Activity of paclitaxel by three-hour infusion in Asian patients with metastatic undifferentiated nasopharyngeal cancer

Abstract

Despite its moderate anti-tumour activity in head and neck cancers there have been no reports on the activity of paclitaxel in patients with nasopharyngeal cancer, a highly chemosensitive tumour. A phase II study was thus initiated to determine the objective response rate and toxicity of paclitaxel in patients with previously untreated metastatic nasopharyngeal cancer. Twenty-four patients with previously untreated measurable metastatic nasopharyngeal carcinoma were accrued, one of them ineligible because of concomitant beta-blocker usage. Male:female ratio was 19:5, with a median age of 46 years. All had previously received radiotherapy but were chemotherapy-naïve. The great majority (20 of 24) had undifferentiated carcinoma. Paclitaxel (Anzatax, Faulding Pharmaceuticals) 175 mg/m2 was given intravenously over three hours every 21 days after premedication with oral dexamethasone and intravenous diphenhydramine and cimetidine. There were five (21.7%) partial responses while eight patients remained stable. Median response duration was 7.5 months and median survival was 12 months. The main toxicity was haematological, with grade 1-2 neutropenia in 19% and grade 3-4 neutropenia in 4.5% of cycles.
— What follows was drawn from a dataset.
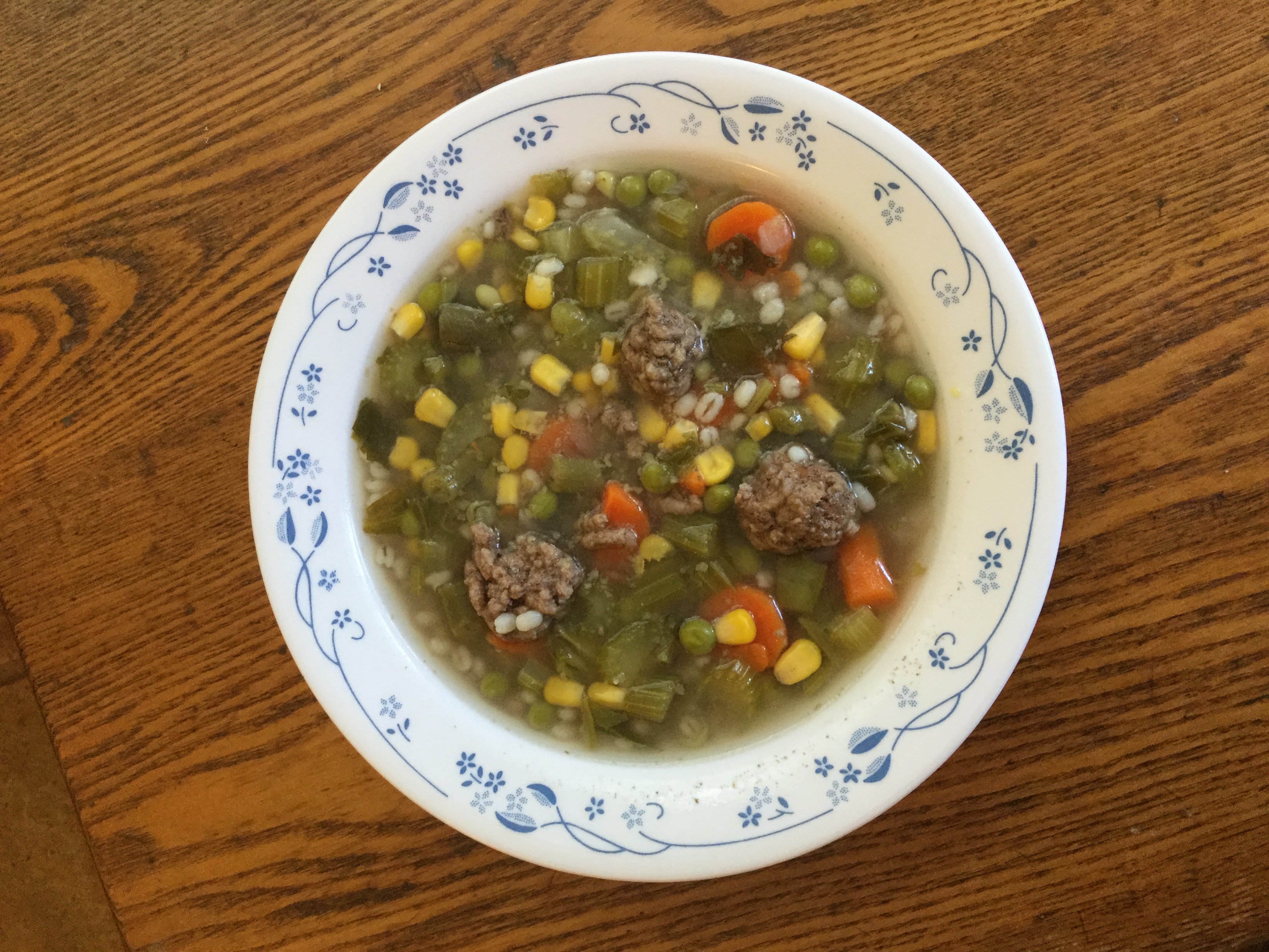Roll tiny meatballs from approx 1/2-1/3 lb 97% ground beef & drop into boiling broth

Three cycles were complicated by grade 3-4 anaemia and one patient required a blood transfusion. No thrombocytopenia was seen. Peripheral neuropathy was frequent (20 of 23 patients) but mild. Alopecia was complete in 14 patients. There were no cardiac toxicity or hypersensitivity reactions. Paclitaxel is well tolerated even in previously irradiated patients with metastatic nasopharyngeal cancer. Single-agent activity was 22% and its inclusion into combination chemotherapy regimens should be studied.